We have a toxic witches' brew created by an evil, deranged and delusional wizard and his minions, and if that wizard is not caged and his minions put out to pasture it will not be long before the damage becomes so great that the system folds back on itself and collapses.
More at the link. Bold, italic and underlined text is Mr. Denninger's emphasis.
(I provided my own views on QE3 last week. Needless to say, I concur with Casey Research and Mr. Denninger.)
Finally, several blogs have recently republished (sometimes embellished or inauthentic) versions of a famous newspaper column by Charley Reese, which appeared in the Orlando Sentinel on March 7th, 1995. It's very good, and (in its original, unembellished version) very relevant to our present crisis. Here's an excerpt.
To put it into perspective just remember that 100 percent of the power of the federal government comes from the U.S. Constitution. If it's not in the Constitution, it's not authorized.
Then read your Constitution. All 100 percent of the power of the federal government is invested solely in 545 individual human beings. That's all. Of 260 million Americans, only 545 of them wield 100 percent of the power of the federal government.
That's 435 members of the U.S. House, 100 senators, one president and nine Supreme Court justices. Anything involving government that is wrong is 100 percent their fault.
. . .
Congress is the originator of all government problems and is also the only remedy available. That's why, of course, politicians go to such extraordinary lengths and employ world-class sophistry to make you think they are not responsible. Anytime a congressman pretends to be outraged by something a federal bureaucrat does, he is in fact engaging in one big massive con job. No federal employee can act at all except to enforce laws passed by Congress and to employ procedures authorized by Congress either explicitly or implicitly.
Partisans on both sides like to blame presidents for deficits, but all deficits are congressional deficits. The president may, by custom, recommend a budget, but it carries no legal weight. Only Congress is authorized by the Constitution to authorize and appropriate and to levy taxes.
I highly recommend clicking over to the Orlando Sentinel to read the whole thing. It's worth it. After you've read it, pass the link to your friends, and advise them to remember it in November when they exercise their franchise!
Peter
3 comments:
The business I run is slow this week, and last. Looking back into historical data, I find it's always slow this time of year.
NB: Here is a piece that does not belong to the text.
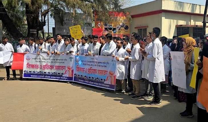 সোমবার (২৪ ফেব্রুয়ারি) সকালে মেডিকেল কলেজের প্রাঙ্গণ থেকে বিক্ষোভ মিছিল নিয়ে হাসপাতালের প্রধান ফটকে সংক্ষিপ্ত সমাবেশ অনুষ্ঠিত হয়।
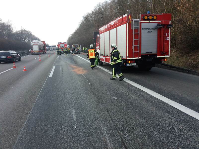 Am Dienstag, 6. März, wurde die Feuerwehr Elz zunächst um 15:59 Uhr zu einem Verkehrsunfall, bei dem laut Notruf-Meldung ein Fahrzeug brennen sollte, auf die Autobahn in Fahrtrichtung Köln alarmiert.

I asked everyone I can think to ask, who might have an inkling why. No one has a clue.
The best and brightest cannot tell me why this lube shop is always slow these few weeks a year. Knowing that, I doubt they can reliably predict an entire economies worth of insanity.
But a car that's already three quarters over the cliff....not much problem predicted what happens next.
I don't understand how deflation is more of an issue than inflation. I just don't. How can the value of the dollar increase, when we are creating new ones out of thin air?
What anon 845 just said, plus this simple observation: if housing prices are deflating while food and energy are inflating (and they are, and they will continue to), all that means is the answer to his rhetorical question (what is the biggest single cost of living today?) changes.
It doesn't matter to the trucking company who brings food to your store if their rent goes down, if they can't make enough money to cover the costs of their fuel and other operational costs. If they can't food disappears from the shelves.